A reality based independent journal of observation & analysis, serving the Flathead Valley & Montana since 2006. © James Conner.

21 September 2016

21st century learning — A slogan for winning school bond elections?
This decade’s education enthusiasm? A scheme for selling computers?

The correct answer? All of the above. The phrase permeates school bond election campaigns. An organization comprising computer manufacturers and cable communications companies touts 21st century learning. And it pops up in essays by educators, such as the vote-for-the-bond oped by Michele Paine, Assistant Principal at Flathead High School, that ran in Sunday’s InterLake:

The innovative classrooms that will replace the 80- and 100-year-old lecture hall and half floors give our students flexible learning space. The lecture hall at Flathead High School is a cavernous, two-story room that can house 100 students in the university style of giant classrooms. This seating works for lecture style instruction but is not conducive to 21st century learning.
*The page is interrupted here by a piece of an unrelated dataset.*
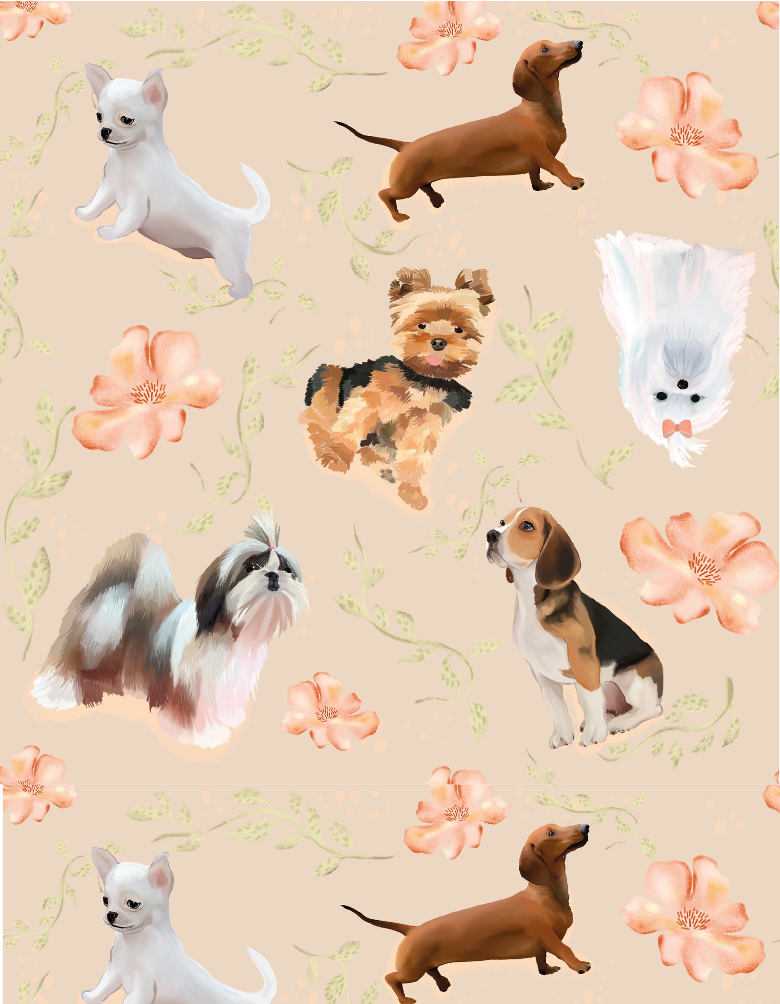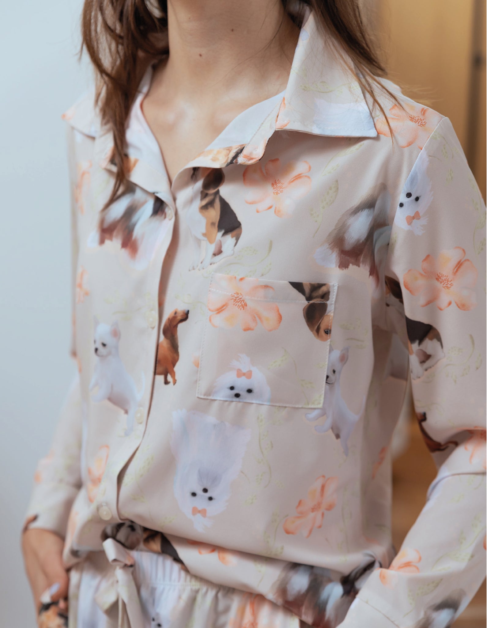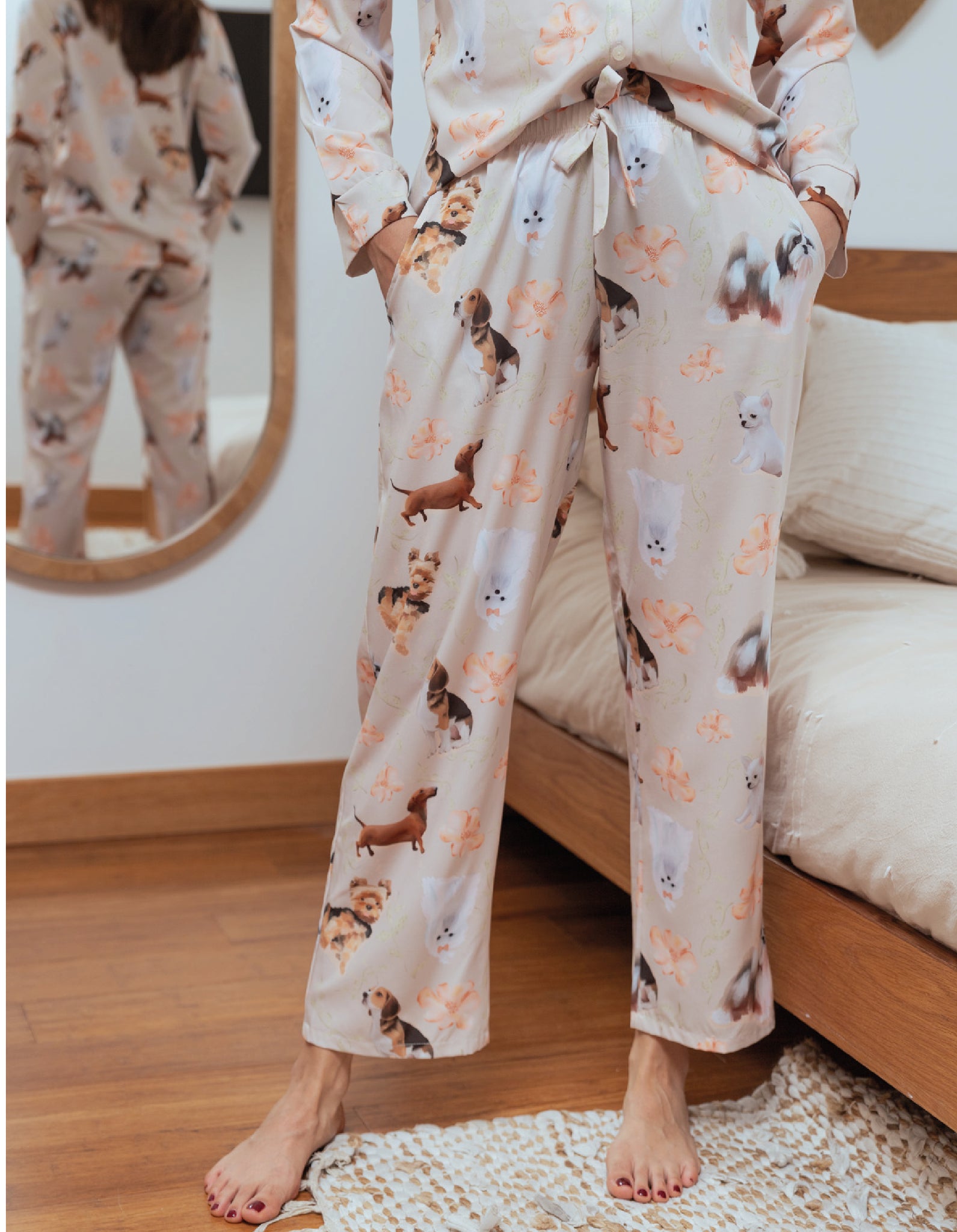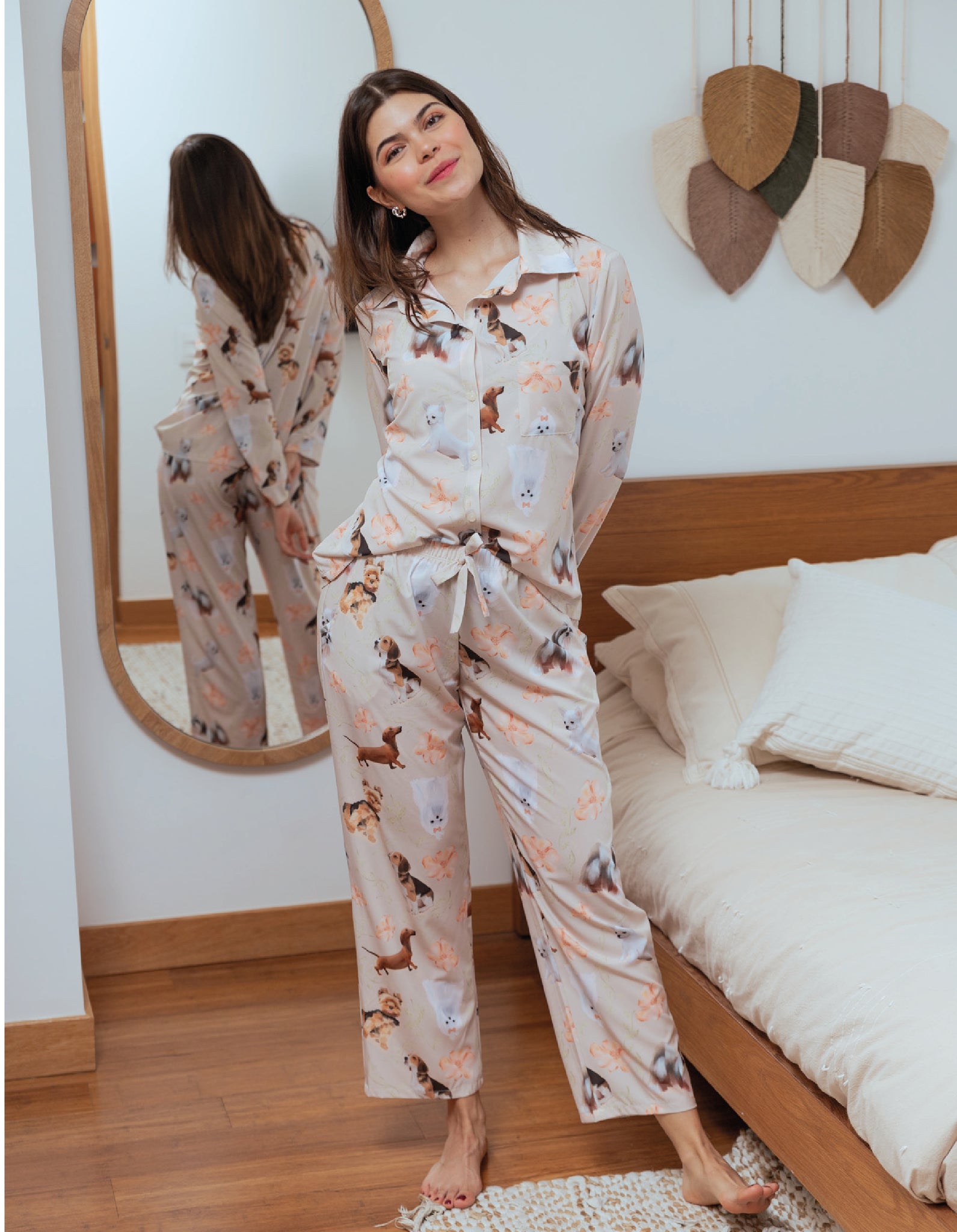 Pijama para mujer con pantalón y camisa manga larga de abotonadura, estampada con ilustraciones realizadas a mano de perros razas pequeñas como: Yorkie, Shih- Tzu, Beagle, Salchicha y Chihuahua. Es una pijama de tacto frío tipo satín opaco, Suave, con la piel muy cómoda y elegante.

Students need to collaborate in groups and tackle tasks using technology, texts and other learning tools.

I’m impressed by Paine’s sincerity and enthusiasm, but not by her arguments.
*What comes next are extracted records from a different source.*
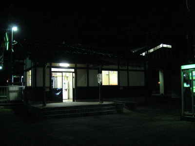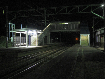 決まった後、暗がりの中、島ホームの待合室の取れ壊されて ならされた砂利敷きなどをで踏みならしくるくる回る。もう夜はかなり肌寒くなっていて、蛍光灯照らす新しくされたパネル風よけ開放式の待合は妙に冷たく肌に刺さった。それから跨線橋を渡って、駅舎の方に戻り、駅前をもういちどぶらついた。国道が走っているくせに、何の頼りにもならないということに虚脱する。
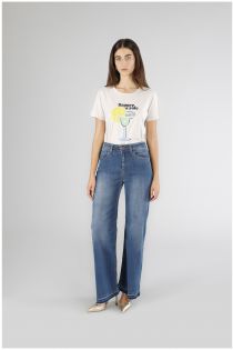 Jean modèle gina avec une coupe large. passants de ceinture fermeture zippée et boutonnée cinq poches. fabriqué en toile super extensible. polyvalents et confortables ils sont parfaits pour n’importe quel look.
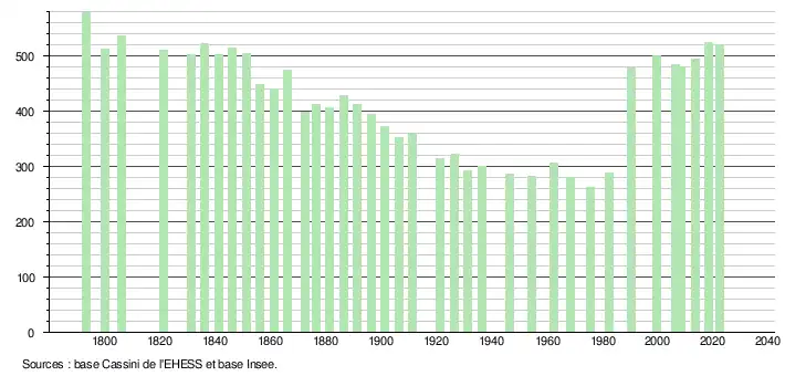 L'évolution du nombre d'habitants est connue à travers les recensements de la population effectués dans la commune depuis 1793. Pour les communes de moins de 10 000 habitants, une enquête de recensement portant sur toute la population est réalisée tous les cinq ans, les populations de référence des années intermédiaires étant quant à elles estimées par interpolation ou extrapolation[34]. Pour la commune, le premier recensement exhaustif entrant dans le cadre du nouveau dispositif a été réalisé en 2008[35].

Twenty-first century learning, which I’m going to call 21CL, often is described as the three — but sometimes four — Cs: creativity, communication, and collaboration. The fourth C is critical thinking. Some would say there’s a fifth C: con artistry.

The 21CL Cs are the way today’s students are expected to learn the three Rs: reading, ‘riting, and ‘rithmetic. My generation mastered those, and other, subjects while sitting at a desk, paying attention to our teachers, taking careful notes, followed by hours of homework. Today’s generation learns to spell and do math with a computer while sitting at a table and chatting up a storm with other children (collaboration). Watching, teams of teachers beam, clasp their hands in satisfaction, cooing to each other, “Oh, how well they work and play together.”
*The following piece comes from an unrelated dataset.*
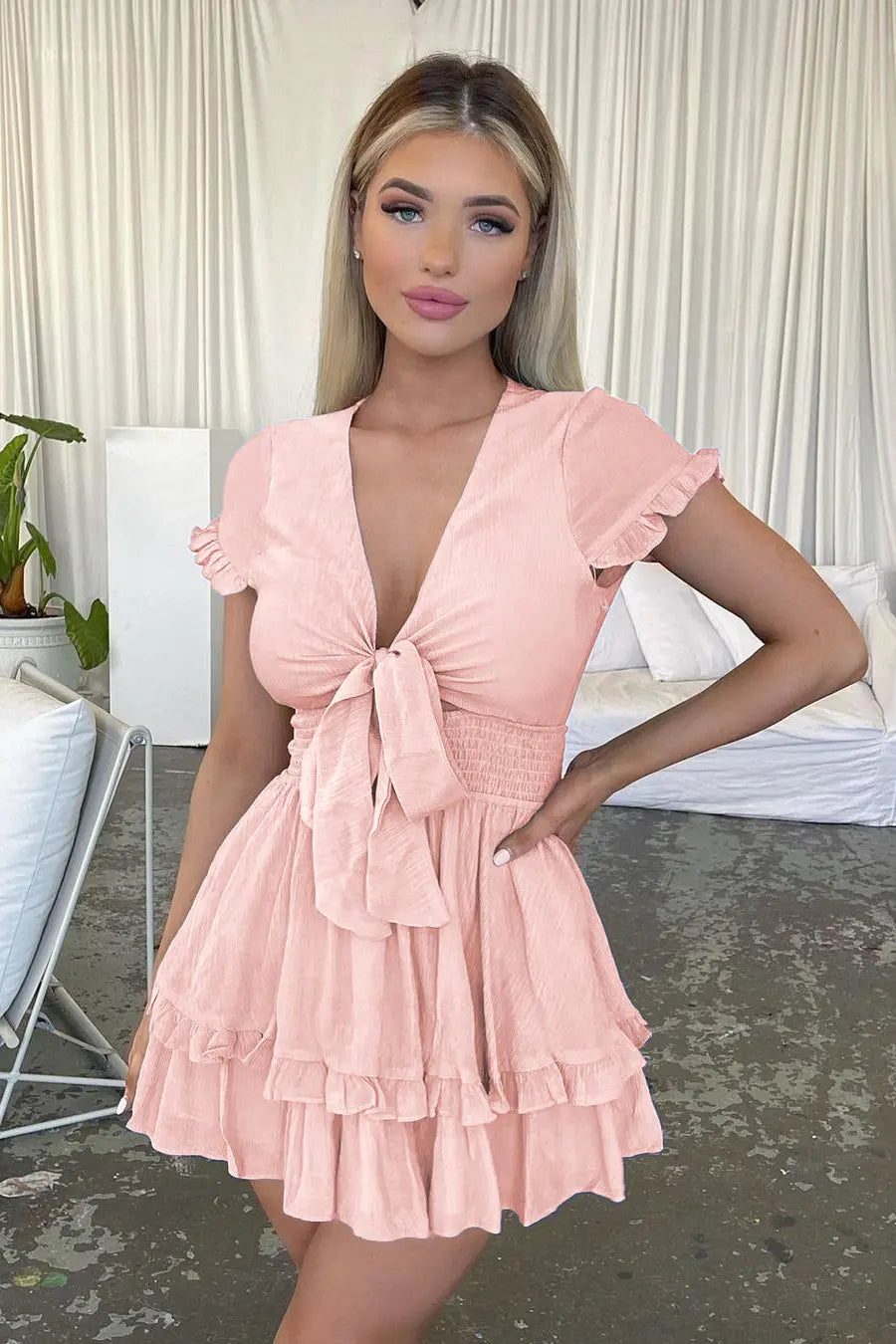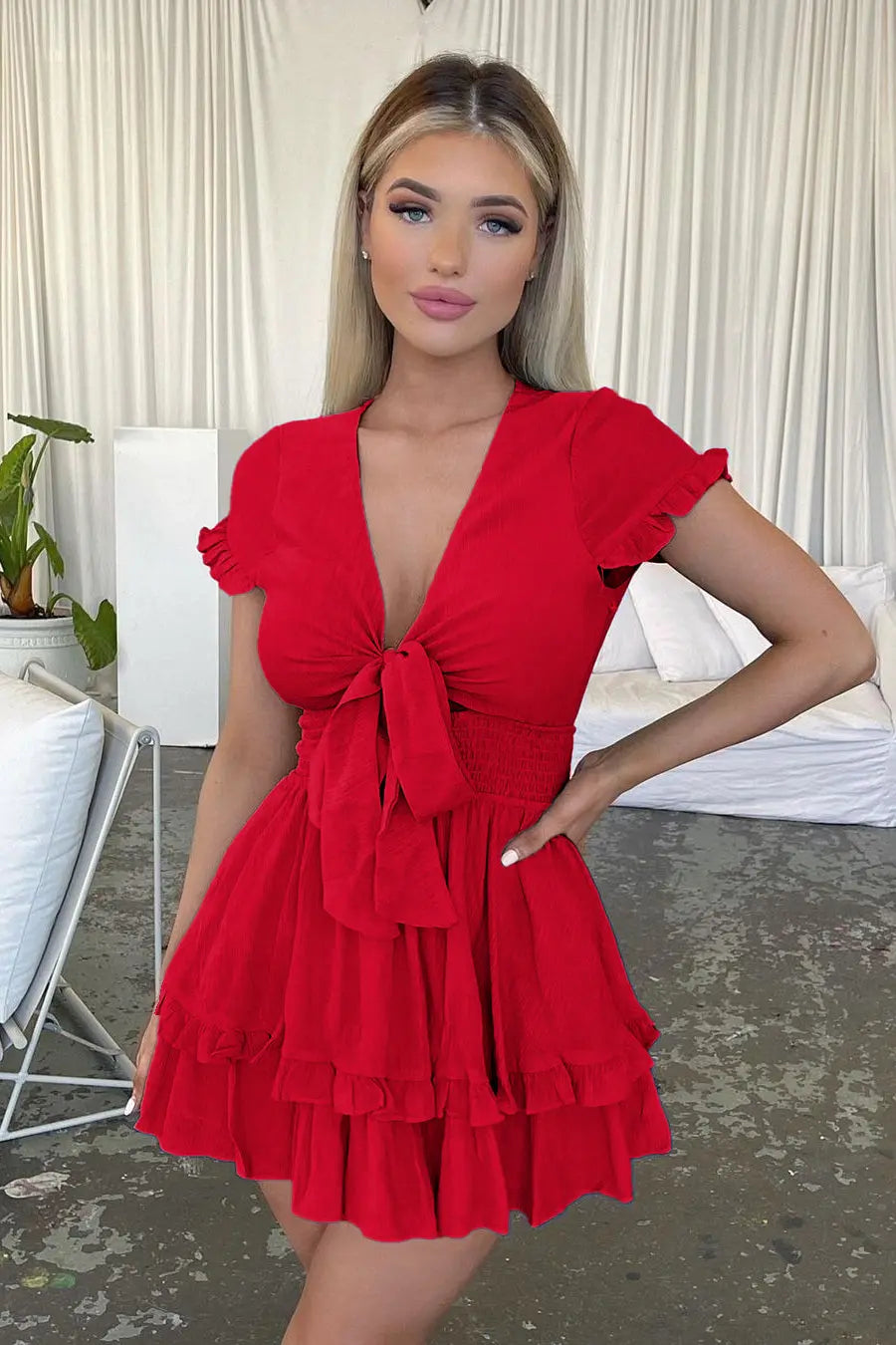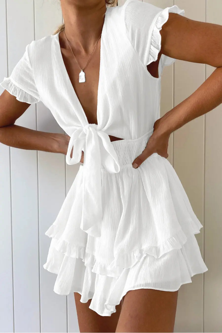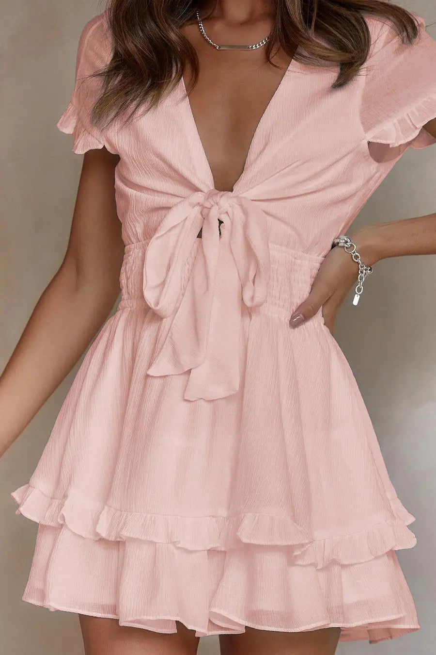 CLARA ist dein stilvoller Begleiter für heiße Sommertage. Dieses Mini-Sommerkleid aus leichtem Chiffon punktet mit einem schmeichelhaften V-Ausschnitt, kurzen Ärmeln und einem verspielten Rüschen-Saum. Der A-Linien-Schnitt sorgt für angenehme Bewegungsfreiheit und eine feminine Silhouette. Ob am Strand, beim Stadtbummel oder bei einem Fotoshooting – CLARA passt zu jedem Anlass.

The parents of the collaborators, instead of supervising homework, organize to demand that their little darlings not be subjected to the trauma of standardized tests. This, too, delights the teachers, who fear they might be evaluated on the results of those tests instead of on how many credits of continuing education they complete at the academics without rigor summer sessions at Mickey Mouse State College.

Here’s the old school truth about collaboration: it’s a con. Honor student Johnny is assigned to work with dunderheads Prudence, Rufus, and Nan. Johnny does all the work to earn an A, then has to share his grade with his companions, who on their own would be lucky to receive Cs and Ds. That raises the grade point average of the class and his fellow collaborators while cheapening the A he earned. Johnny’s teachers exploit this outrage by publishing a paper reporting that collaboration raises grades.

But the con sounds good — that’s the nature of cons. Which is why educators ooze enthusiasm for 21CL, just like previous generations of educators oozed enthusiasm for the education panaceas of their day, and why Paine and School District 5 want to raze a perfectly good lecture hall and replace it with expensive, computerized, interactive, whizz bang dandy, classrooms and an even more expensive new gymnasium.

Will the students benefit if the bond passes and they are condemned to the shifting spaces of 21CL environments? Not likely. Students who want to learn will master difficult subjects studying by candlelight in a frosty tarpaper shack in a war zone. Those who do not want to learn will find a way to hack their school issued laptop or iPad to play video games that glorify violence and demean women.

Will the teachers and administrators benefit? Sure, some will. Everyone likes a nice place to work.

But the group that benefits most from 21CL is the consortium of computer manufacturers and communications companies that forms organizations such as P21, the Partnership for 21st Century Learning, whose primary partners are:

  • Government:
  • U.S. Department of Education
  • Founding Organizations:
  • AOL Time Warner Foundation
  • Apple Computer, Inc.
  • Cable in the Classroom
  • Cisco Systems, Inc.
  • Dell Computer Corporation
  • Microsoft Corporation
  • National Education Association
  • SAP
  • Individuals:
  • Ken Kay, President and Co-Founder
  • Diny Golder-Dardis, Special Advisor and Co-Founder

If parents, educators, and school board members, embrace 21CL’s tenets, these corporations stand to make billions selling computers, routers, and other communications hardware and software, to local school districts. A lot of 21CL theology is little more than greed masquerading as altruistic principle and pedagogical revelation, but it has an almost narcotic effect that causes people to stop thinking critically.

There’s still a place in our high schools for large lecture halls. We should not be collaborating to tear them down.